Вдоль створок широкого окна выстроены были особые стеллажи, на которых теснились экземпляры, особенно охочие до дневного света: шипастые кактусы, порой вдруг расцветавшие красными или оранжевыми розетками; светло-зеленые (мать говорила про них «цвета влюбленной жабы») литопсы, комковатые шарики невообразимых форм — то напоминающие уродливо преображенные части человеческого тела, то вообще что-то, непонятно как появившееся в природе. Отдельным строем стояли горшки с фиалками, чьи мохнатые листья и прямолинейные цветки скрывали, вопреки ожиданию и рекламе парфюмерных фирм, тяжелый неприятный запах; орхидеи-башмачки, не имевшие запаха вовсе: капризные, медленнорастущие, с пятнистыми листьями, между которых вдруг, очень редко, появлялся к тайному торжеству садовницы, кончик цветоноса, грозившего через месяц вспухнуть чудовищным бутоном, из которого вылезал исполинский цветок с развратной розовой губой, двумя широкими лепестками и полосатым парусом над ним...

Внутри своего текста Соболев создает совершенную акустическую систему, главная задача которой — многоступенчатый резонанс и такое многоликое эхо, когда любые реалии начинают отбрасывать сразу несколько контекстуальных теней.

Кажется, в нарратологии подобный прием называется «семиотическим тоталитаризмом», если автору удалому удается запустить поле повышенного символического ожидания, позволяющего любой мелочи звучать сразу на нескольких уровнях и в разных контекстах.

Вот автор описывает матушкины растения, а мне уже мерещатся перечисления модернистских приемов, вот начинает описывать пение лесных птиц (или попутчиков Никодима в поезде), а читатель начинает грезить перечнем любимых авторов, зашифрованных в случайных персонажах, вспоминать «мотив железной дороги».

Ну, конечно, раз уж «Идиот» начинается сценами в поезде, идущем с запада на восток, то изощренному филологу, разумеется, логично ближе к концу, мельком вспомнив Толстого, предпочесть Достоевского, усадив главного героя поехать в обратном направлении. Подобные позывы, уже скоро превращающиеся чуть ли не в тик, встречаются на каждой второй странице, увеличивая потенциальный объем книги в несколько раз.

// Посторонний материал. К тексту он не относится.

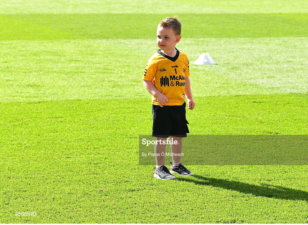 1 July 2023; Christy Morgan, age 3, son of Tyrone goalkeeper Niall Morgan after the GAA Football All-Ireland Senior Championship quarter-final match between Kerry and Tyrone at Croke Park in Dublin. Photo by Piaras Ó Mídheach/Sportsfile
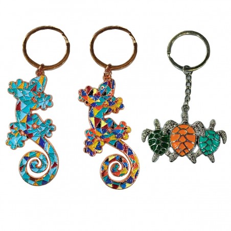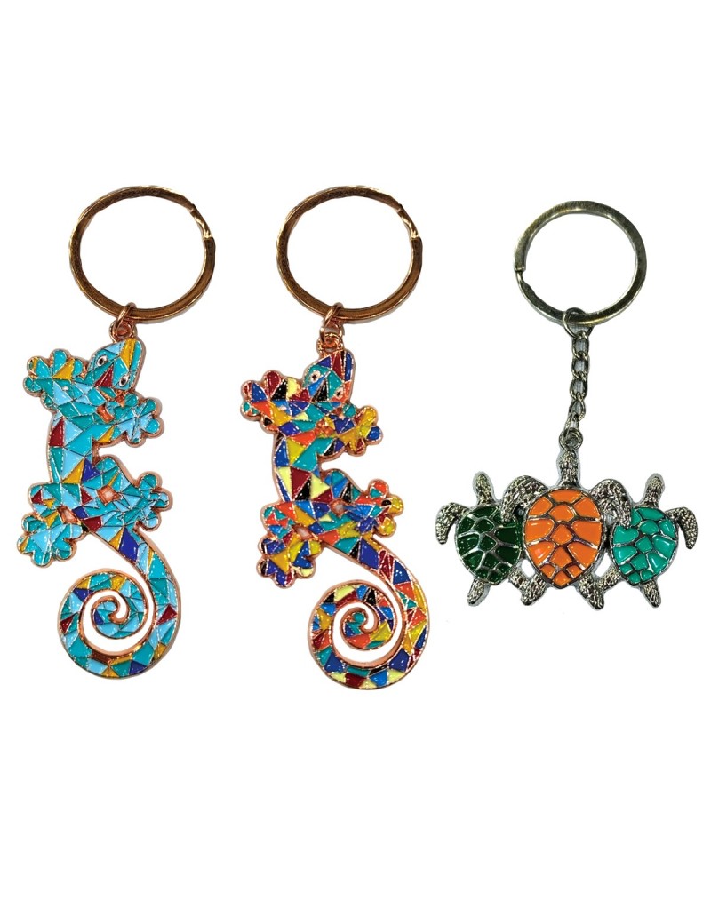 Porte clés en métal et résine Gecko et Tortue de Mer 4cm
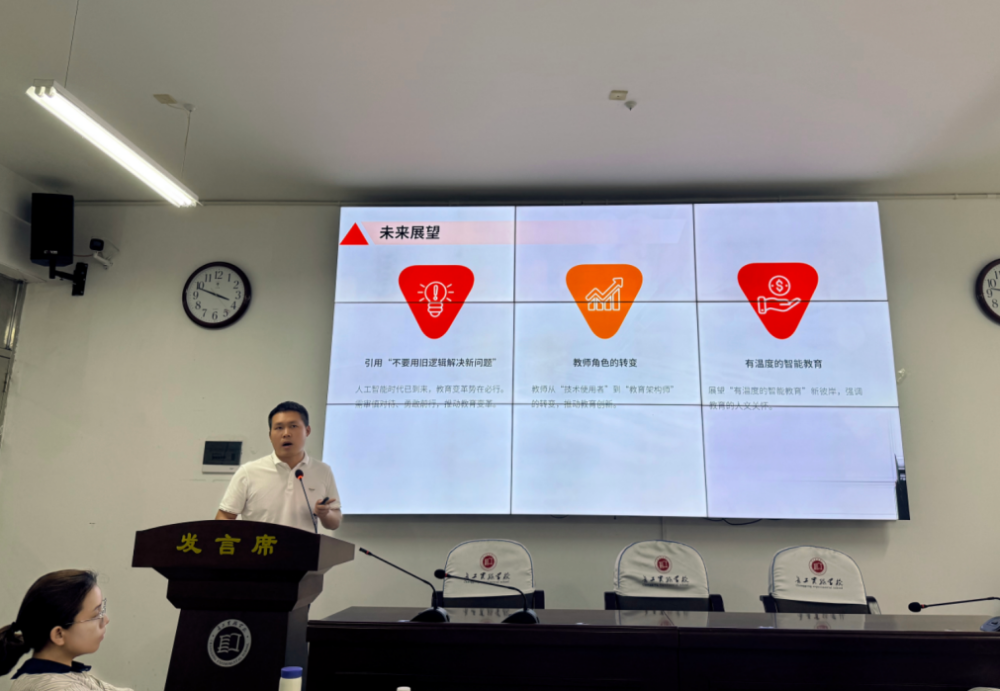 活动最后谢校长对活动进行总结点评。他充分肯定了教师们积极探索、勇于创新的精神,对讨论与分享中涌现的优秀观点和实践成果给予高度评价。同时,结合学校发展规划,为学校在人工智能时代的教育教学改革指明方向,鼓励教师们将活动收获转化为实际行动,推动学校教育高质量发展。
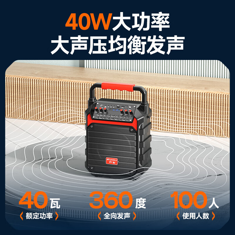 山水(SANSUI)D35广场舞音响户外K歌直播带声卡超重低音炮大音量手提便携式蓝牙音箱小型播放器大功率无话筒价格:359.00元!
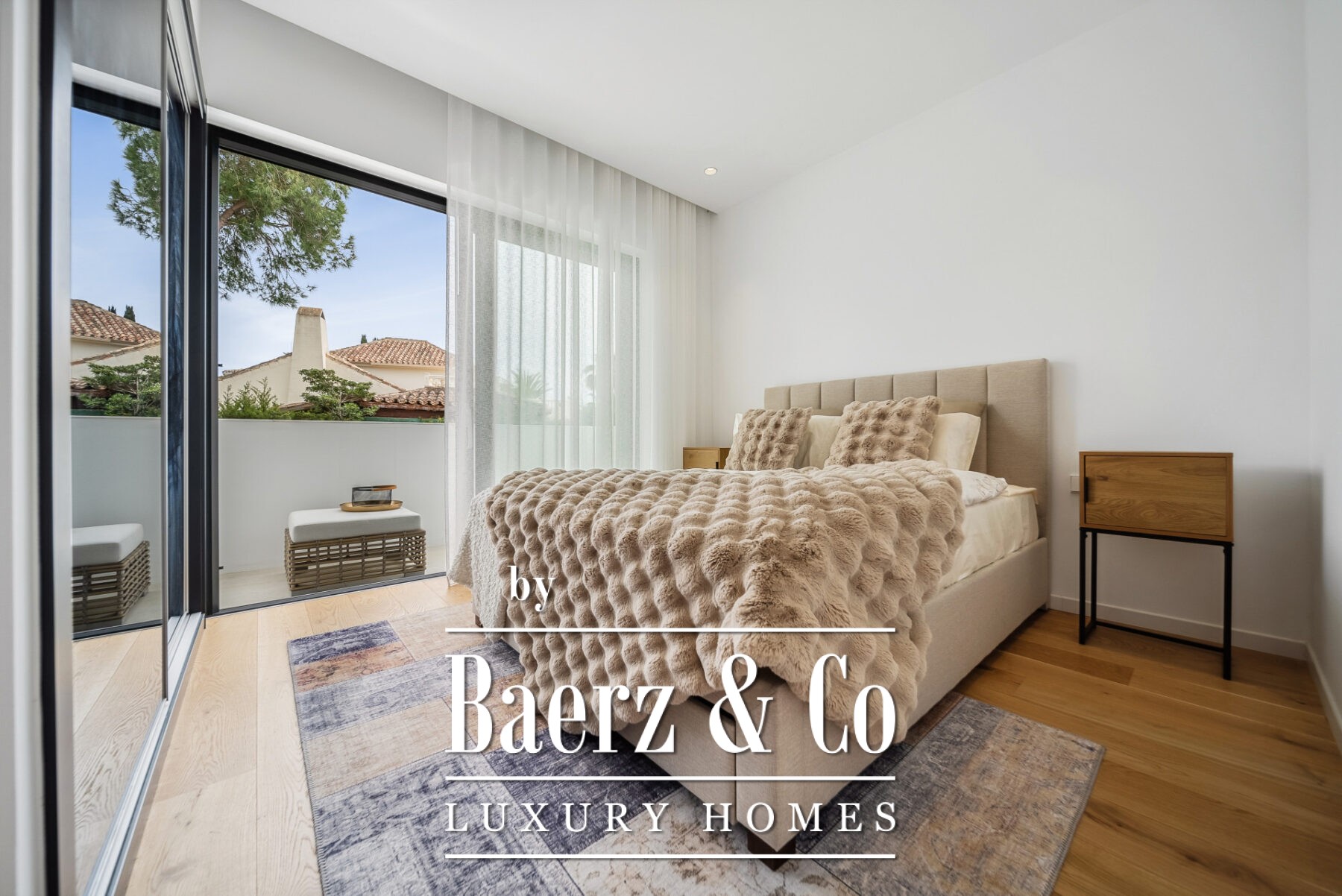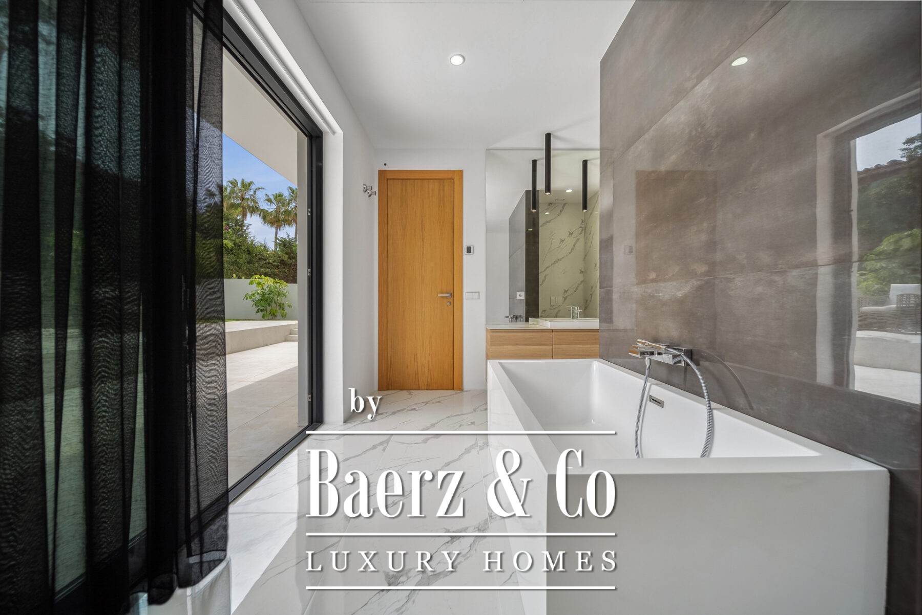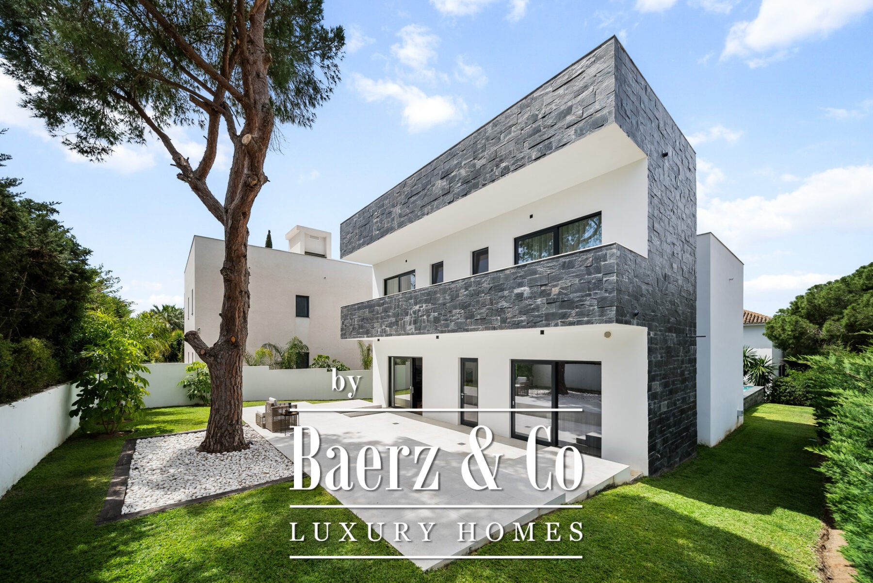 Moderne villa Marbella belichaamt verfijnd wonen aan de kust in Marbesa, verscholen in een rustige doodlopende straat op slechts enkele momenten van de Middellandse Zee. De villa meet 479 m² over drie verdiepingen en kenmerkt zich door strakke architectonische lijnen, eikenhouten vloeren en ramen van vloer tot plafond die natuurlijk licht in elke hoek brengen. Zes slaapkamers en zes badkamers zijn met subtiele elegantie en privacy geordend; iedere ruimte is zorgvuldig afgestemd op comfort het hele jaar door.
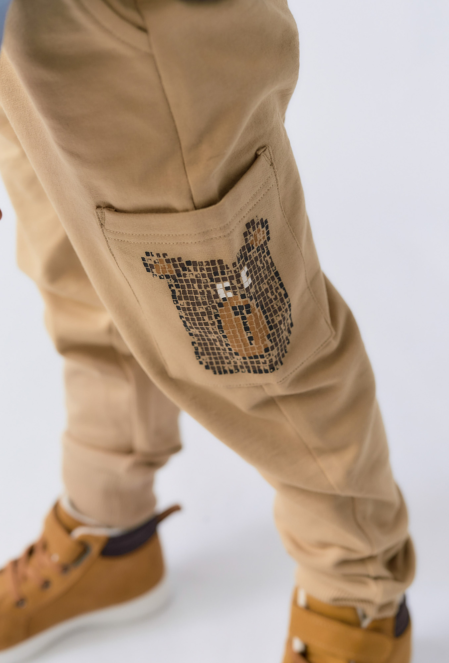 Spodnie dresowe chłopięce z pikselowym nadrukiem
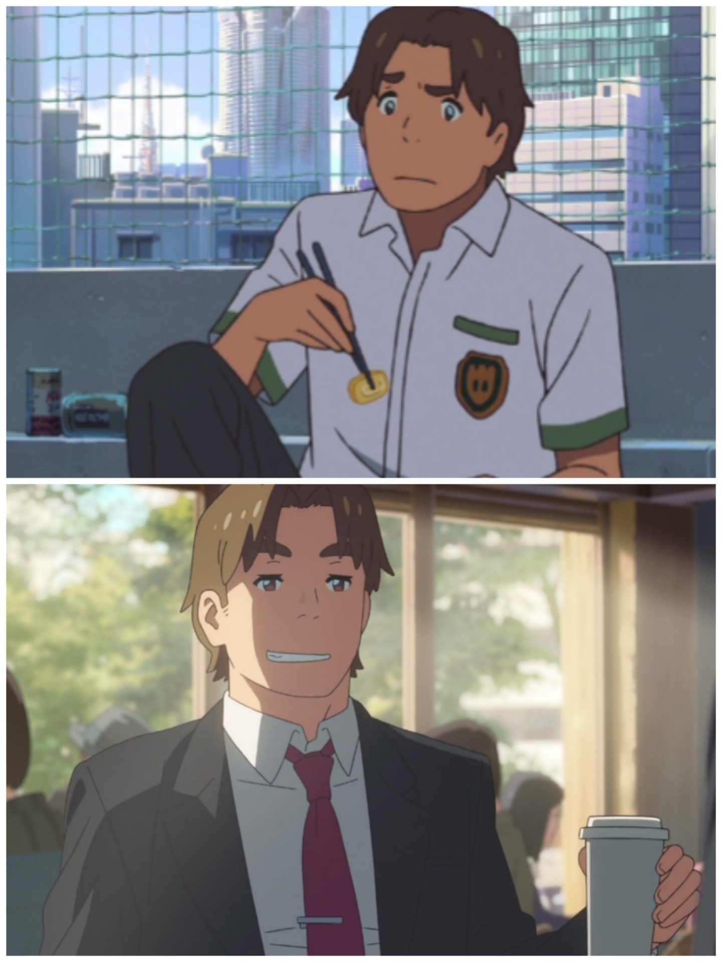 首先是高木真太,是泷的同学加好友,身材高大憨厚而且性格直爽、乐于助人,平常下课喜欢与泷和司去咖啡厅。在泷去寻找三叶时替男主去餐厅打工。

Схожим образом устроены классические сюрреалистические романы Жульена Грака («Побережье Сирта») и Дино Буццати («Татарская пустыня») или же самые известные тексты Кафки, в которых постоянно нагнетаемое напряжение лишается логического разрешения.

Русская традиция привыкла объяснять все до последнего винтика (вспомним любовь к эпилогам Тургенева или того же Толстого), тогда как прививка демократичной многомысленности русскому дичку — достижение уже новейшего, постнабоковского интеллектуализма, в котором каждому дается по его потребностям.

Суггестия нагнетается сюда веселящим газом, и вот уже поиски отца-беллетриста (изложение сюжетов из произведений Шарумкина выдает последовательного буквализатора метафор, из-за чего и сами «Грифоны» мирволят подозрениям в метапозиционировании) оборачиваются то ли преследованием литературного идеала, более не осуществимого в жизни, то ли попыткой воскресить дух отцовского завета. При том что литературный театр, разыгрываемый Соболевым, напрочь лишен картона и неповоротливой бутафории: это живой и искрометный поток, экзистенциально важный автору жест, подлинный смысл которого скрывается в отвлекающих маневрах намеренного филологического палимпсеста.

Простому читателю тягаться с библиографом, библиофилом и многоопытным профессиональным ученым, квалификация которого безупречна (в ЖЖ хорошо знают многолетний дневник lucas_v_leyden’a, с которым мало что сравнится по степени эвристического накала), почти невозможно. Разгадывать его многослойные загадки, служащие квинтэссенцией научных поисков, тоже не особенно нужно — ведь они необходимы роману, прежде всего, для нагнетания сюрреальной полноты переживаний. Для того чтобы мир, с нуля сотканный автором, твердо стоял на собственных ножках, подводная часть текстуального айсберга работает именно на эту устойчивость, которой можно только завидовать. Поскольку «Грифонам» удается до последней страницы сохранять высокий статус неопределенности — сюжетной, жанровой, дискурсивной, и поэтому, вне зависимости от степени его интеллектуальной квалификации, держать читателя в постоянной боевой готовности. Без малейшего напряжения или тем более принуждения (роман о приключениях рассеянного Никодима, постоянно подвергающегося необъяснимым опасностям, читается легко, вот как с горы катится), когда оторваться при этом попросту невозможно.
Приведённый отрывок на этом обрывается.